#### EXERCISE DIRECTIONS:
Extract only the lines from the start of the entries below to the line with "masih ketakutan. 33", inclusive; omit every picture.

++++ EXERCISE MATERIALS ++++

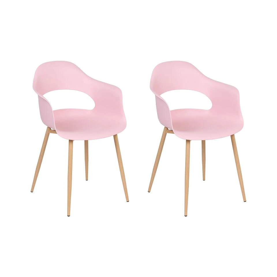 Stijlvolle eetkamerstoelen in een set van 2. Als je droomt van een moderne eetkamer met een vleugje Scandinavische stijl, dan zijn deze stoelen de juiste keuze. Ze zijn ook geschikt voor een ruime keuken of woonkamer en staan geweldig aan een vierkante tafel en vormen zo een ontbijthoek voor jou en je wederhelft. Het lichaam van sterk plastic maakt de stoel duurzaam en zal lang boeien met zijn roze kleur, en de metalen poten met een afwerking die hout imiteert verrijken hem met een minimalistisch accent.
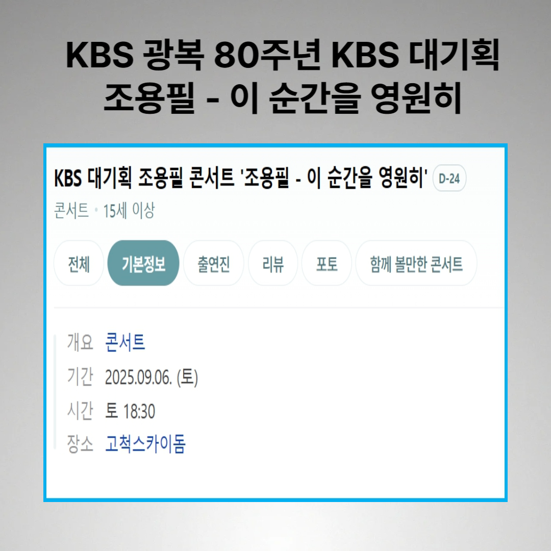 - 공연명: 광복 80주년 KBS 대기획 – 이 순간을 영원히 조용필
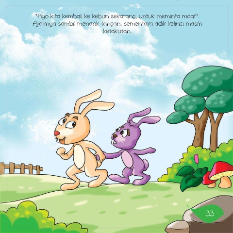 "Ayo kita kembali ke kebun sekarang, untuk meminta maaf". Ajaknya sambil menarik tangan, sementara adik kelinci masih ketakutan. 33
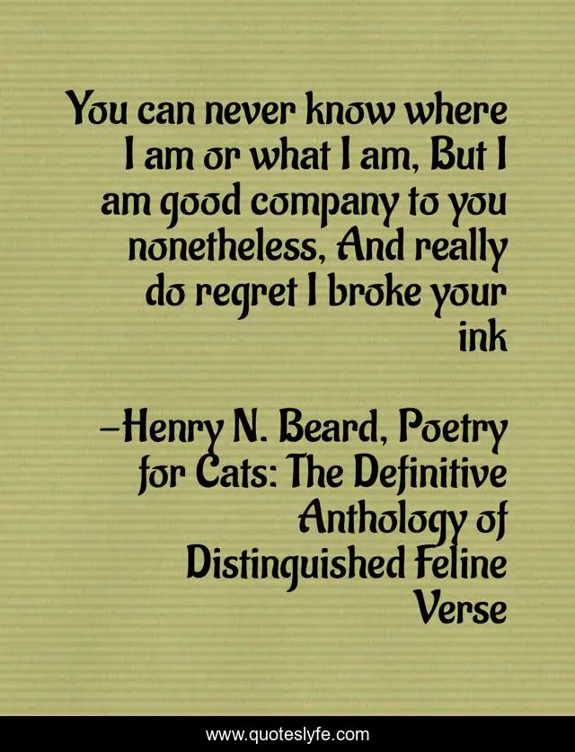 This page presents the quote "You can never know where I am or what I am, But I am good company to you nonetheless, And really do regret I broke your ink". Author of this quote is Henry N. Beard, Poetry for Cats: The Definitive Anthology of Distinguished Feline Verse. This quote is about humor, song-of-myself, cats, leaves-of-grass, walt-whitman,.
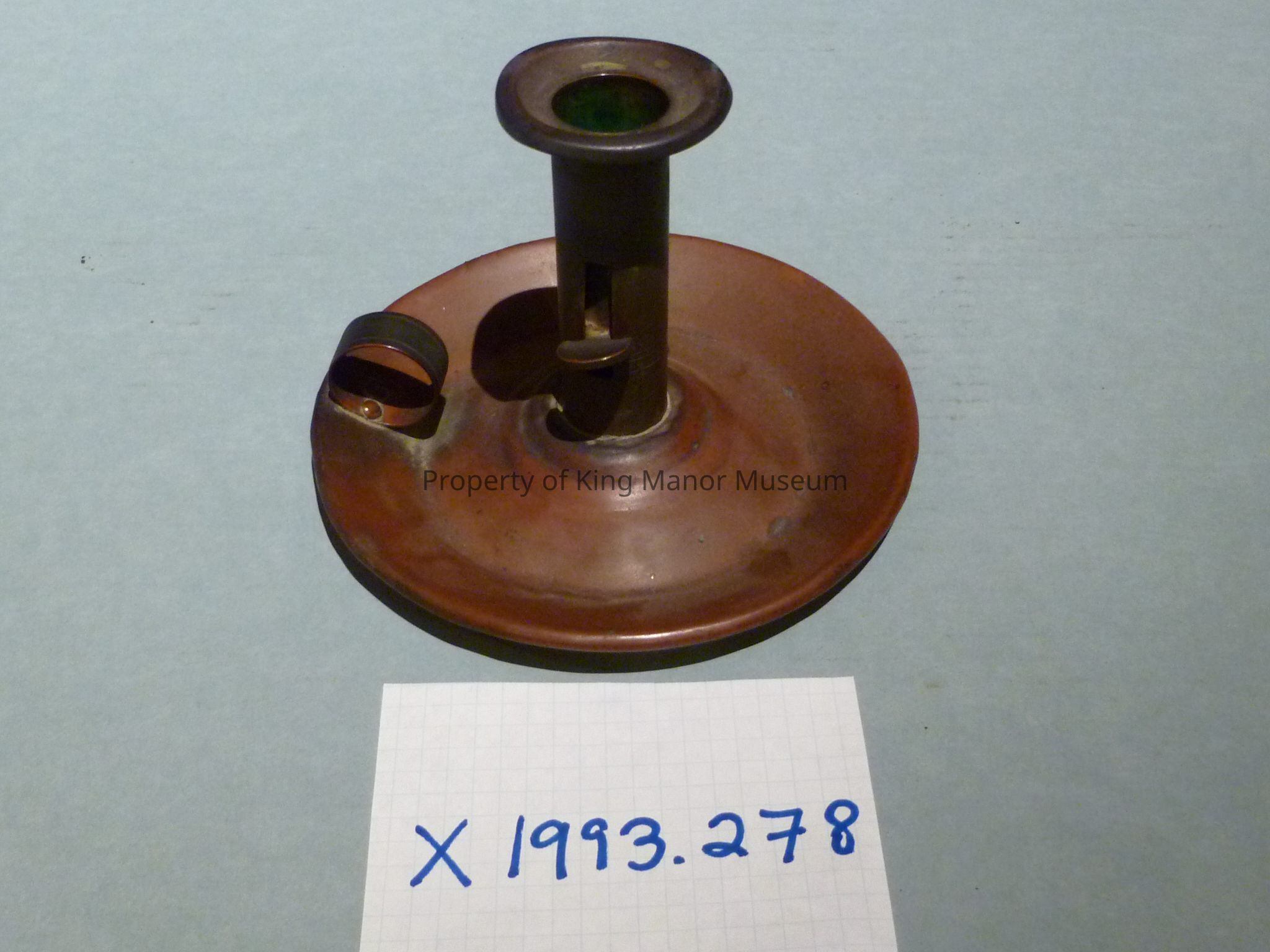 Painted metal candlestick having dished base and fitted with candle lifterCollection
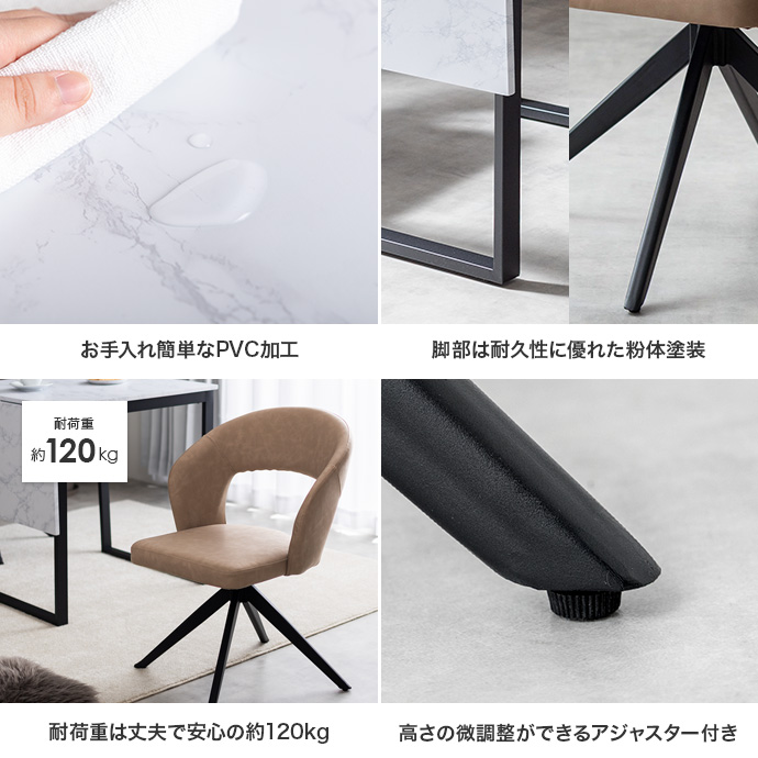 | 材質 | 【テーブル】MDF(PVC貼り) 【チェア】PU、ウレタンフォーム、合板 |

++++

#### EXERCISE SOLUTION:
 Stijlvolle eetkamerstoelen in een set van 2. Als je droomt van een moderne eetkamer met een vleugje Scandinavische stijl, dan zijn deze stoelen de juiste keuze. Ze zijn ook geschikt voor een ruime keuken of woonkamer en staan geweldig aan een vierkante tafel en vormen zo een ontbijthoek voor jou en je wederhelft. Het lichaam van sterk plastic maakt de stoel duurzaam en zal lang boeien met zijn roze kleur, en de metalen poten met een afwerking die hout imiteert verrijken hem met een minimalistisch accent.
 - 공연명: 광복 80주년 KBS 대기획 – 이 순간을 영원히 조용필
 "Ayo kita kembali ke kebun sekarang, untuk meminta maaf". Ajaknya sambil menarik tangan, sementara adik kelinci masih ketakutan. 33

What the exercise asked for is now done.